* **What you need to do**:
Exactly as they appear, write the lines from the one containing "WordStar 3.30 and" to the final line of the entries, leaving pictures out.

== Data extract ==

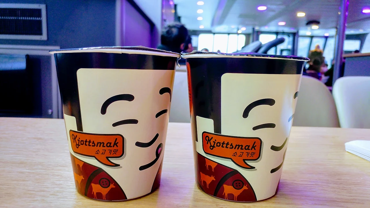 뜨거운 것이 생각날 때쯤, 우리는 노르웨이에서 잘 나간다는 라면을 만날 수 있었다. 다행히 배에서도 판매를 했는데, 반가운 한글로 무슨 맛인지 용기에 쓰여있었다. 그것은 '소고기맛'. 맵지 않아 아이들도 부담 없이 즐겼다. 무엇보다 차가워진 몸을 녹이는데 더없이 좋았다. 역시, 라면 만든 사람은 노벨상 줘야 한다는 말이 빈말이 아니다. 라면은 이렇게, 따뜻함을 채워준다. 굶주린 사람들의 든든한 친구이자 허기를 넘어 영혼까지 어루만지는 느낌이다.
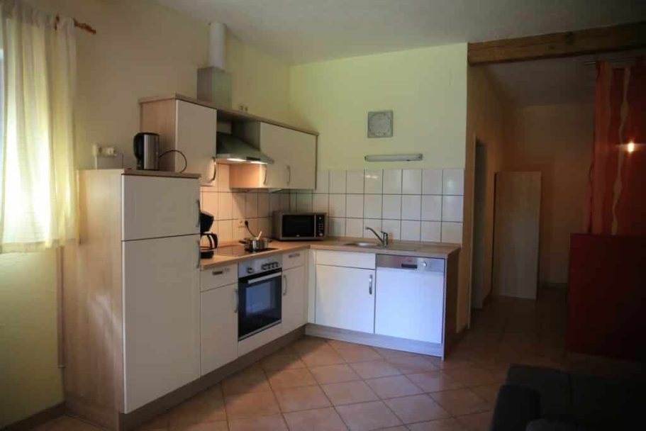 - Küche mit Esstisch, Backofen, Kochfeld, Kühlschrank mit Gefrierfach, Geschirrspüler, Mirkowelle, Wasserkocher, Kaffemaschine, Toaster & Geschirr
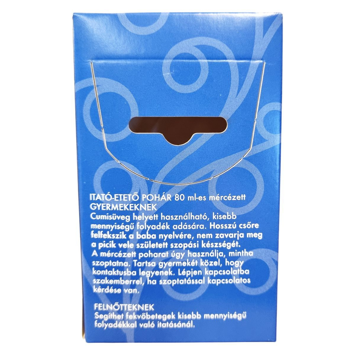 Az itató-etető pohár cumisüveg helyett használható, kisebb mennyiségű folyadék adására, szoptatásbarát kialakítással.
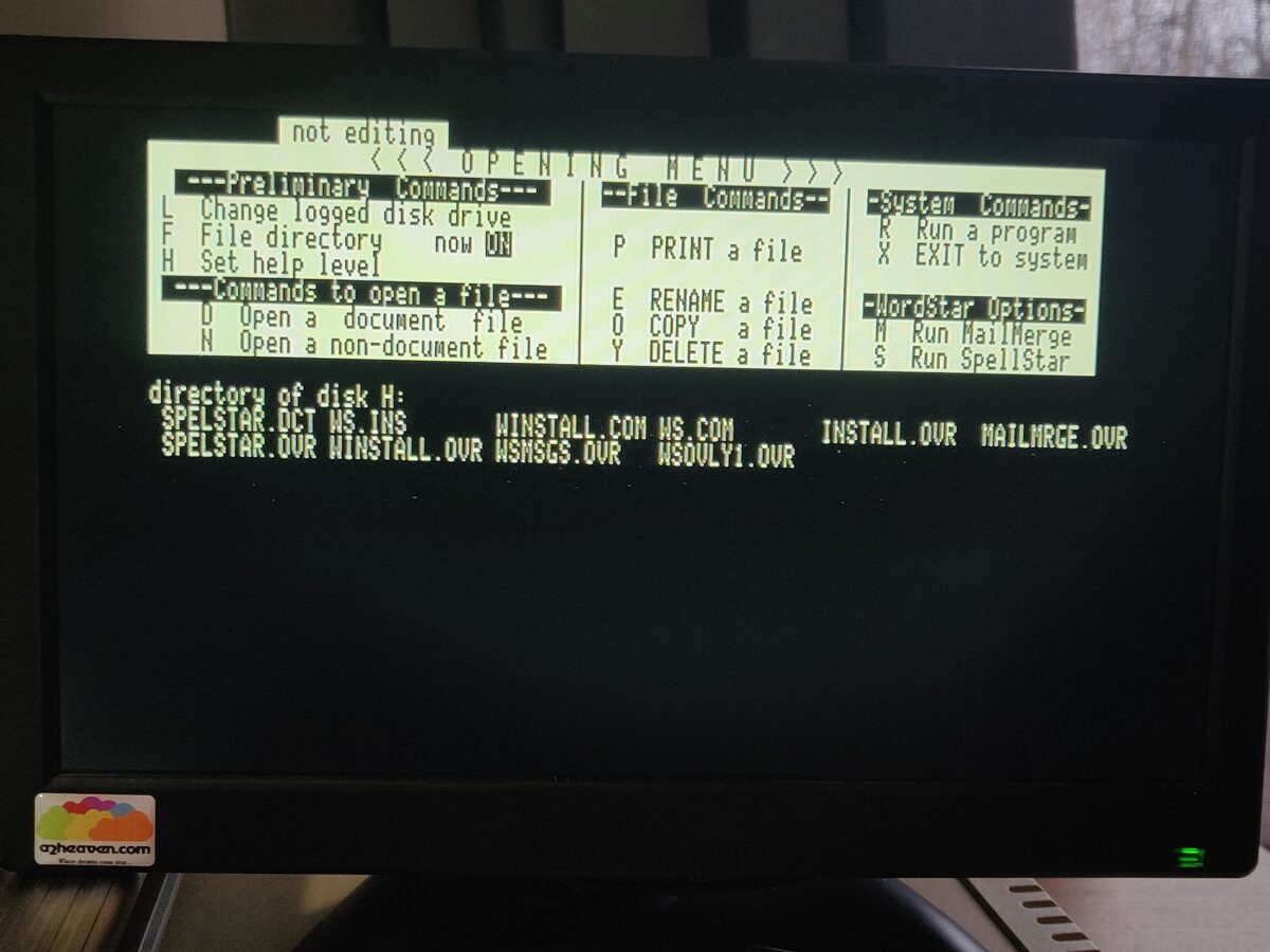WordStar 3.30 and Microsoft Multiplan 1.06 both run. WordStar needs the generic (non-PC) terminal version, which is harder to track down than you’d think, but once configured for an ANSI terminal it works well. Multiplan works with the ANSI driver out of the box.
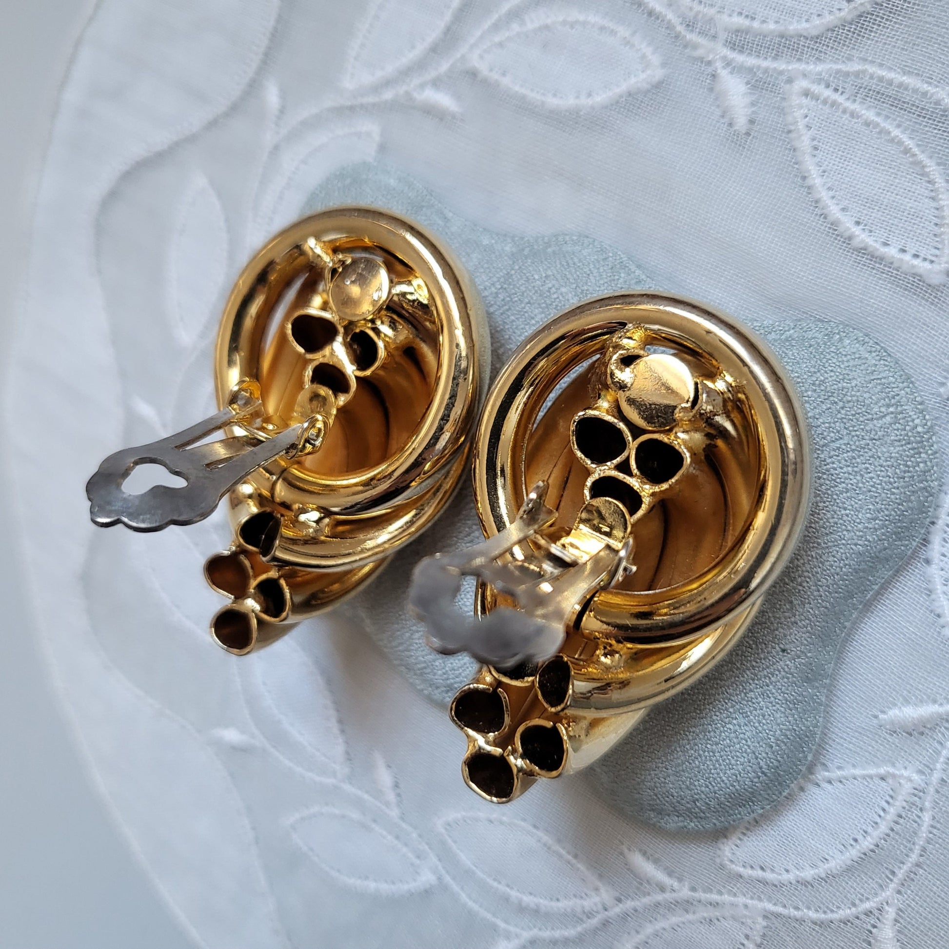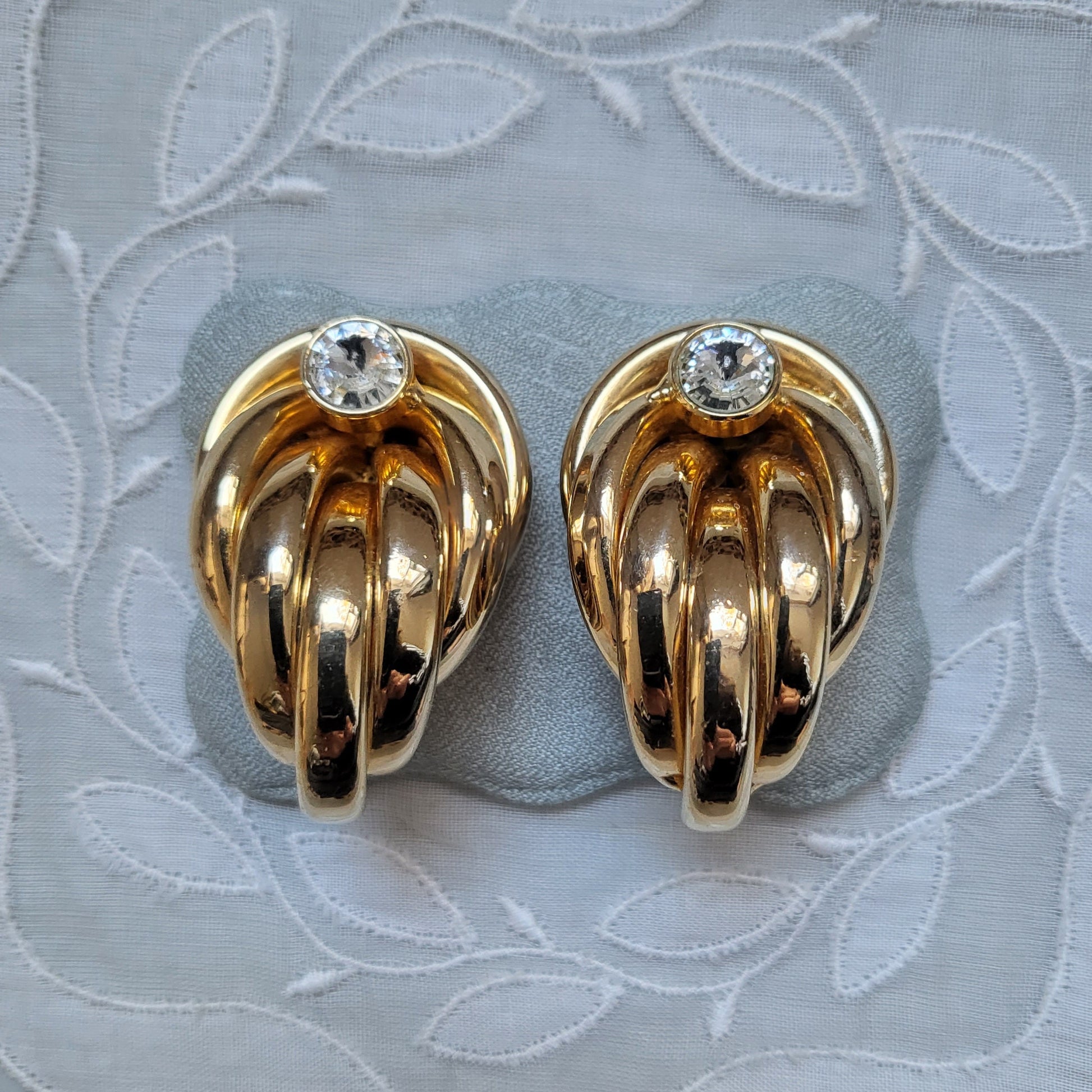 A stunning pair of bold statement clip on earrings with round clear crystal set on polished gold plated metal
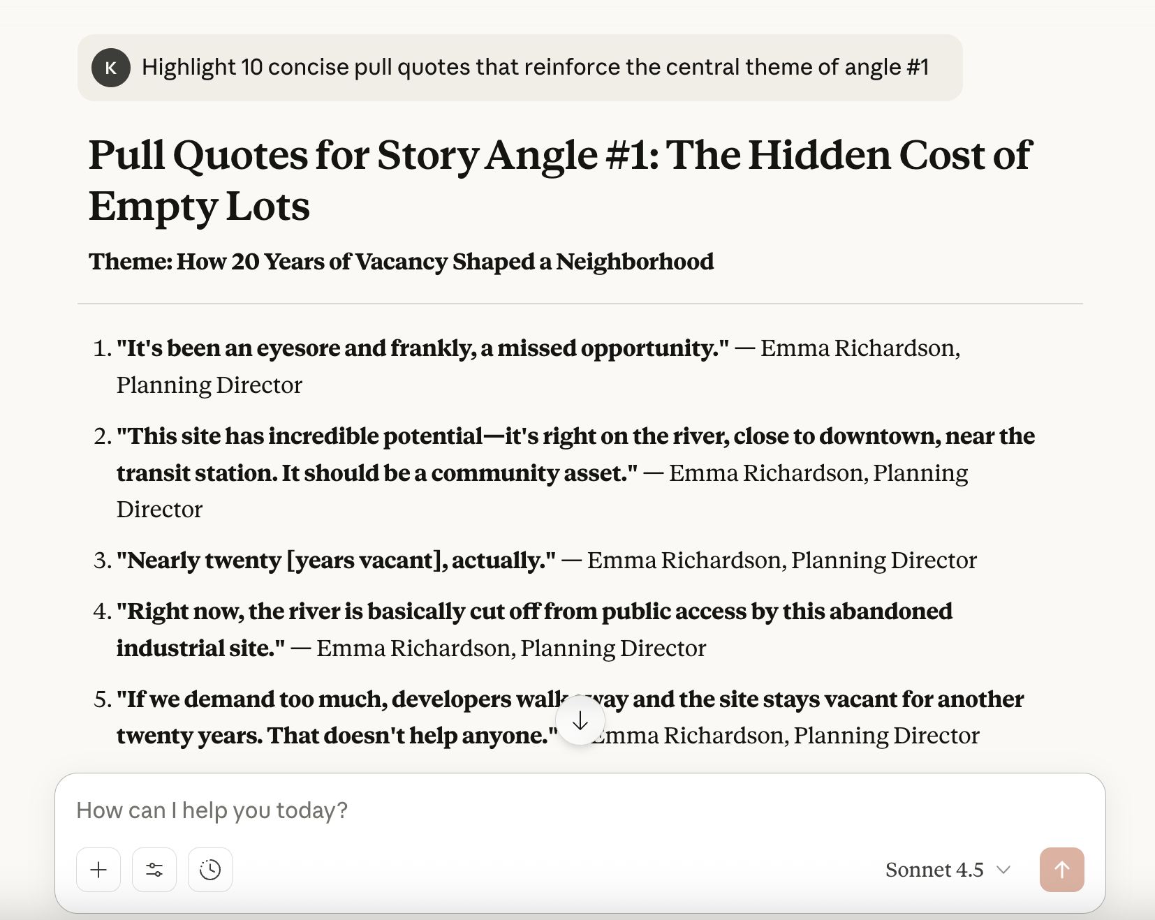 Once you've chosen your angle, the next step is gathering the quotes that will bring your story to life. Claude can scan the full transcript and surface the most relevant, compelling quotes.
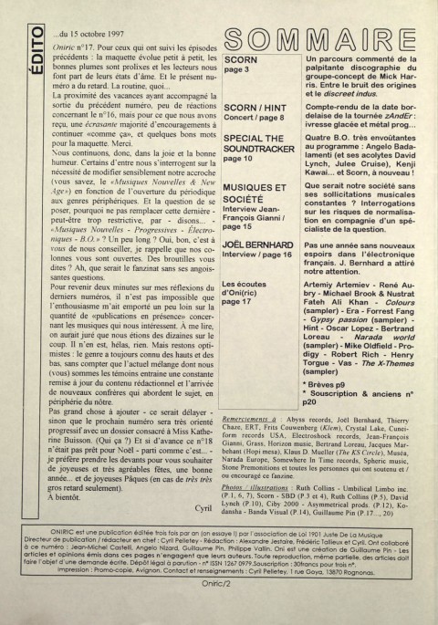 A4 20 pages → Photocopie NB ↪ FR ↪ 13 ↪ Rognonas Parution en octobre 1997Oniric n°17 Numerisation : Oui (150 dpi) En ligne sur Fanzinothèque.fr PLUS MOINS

===

* **Solution for this task**:
WordStar 3.30 and Microsoft Multiplan 1.06 both run. WordStar needs the generic (non-PC) terminal version, which is harder to track down than you’d think, but once configured for an ANSI terminal it works well. Multiplan works with the ANSI driver out of the box.
 A stunning pair of bold statement clip on earrings with round clear crystal set on polished gold plated metal
 Once you've chosen your angle, the next step is gathering the quotes that will bring your story to life. Claude can scan the full transcript and surface the most relevant, compelling quotes.
 A4 20 pages → Photocopie NB ↪ FR ↪ 13 ↪ Rognonas Parution en octobre 1997Oniric n°17 Numerisation : Oui (150 dpi) En ligne sur Fanzinothèque.fr PLUS MOINS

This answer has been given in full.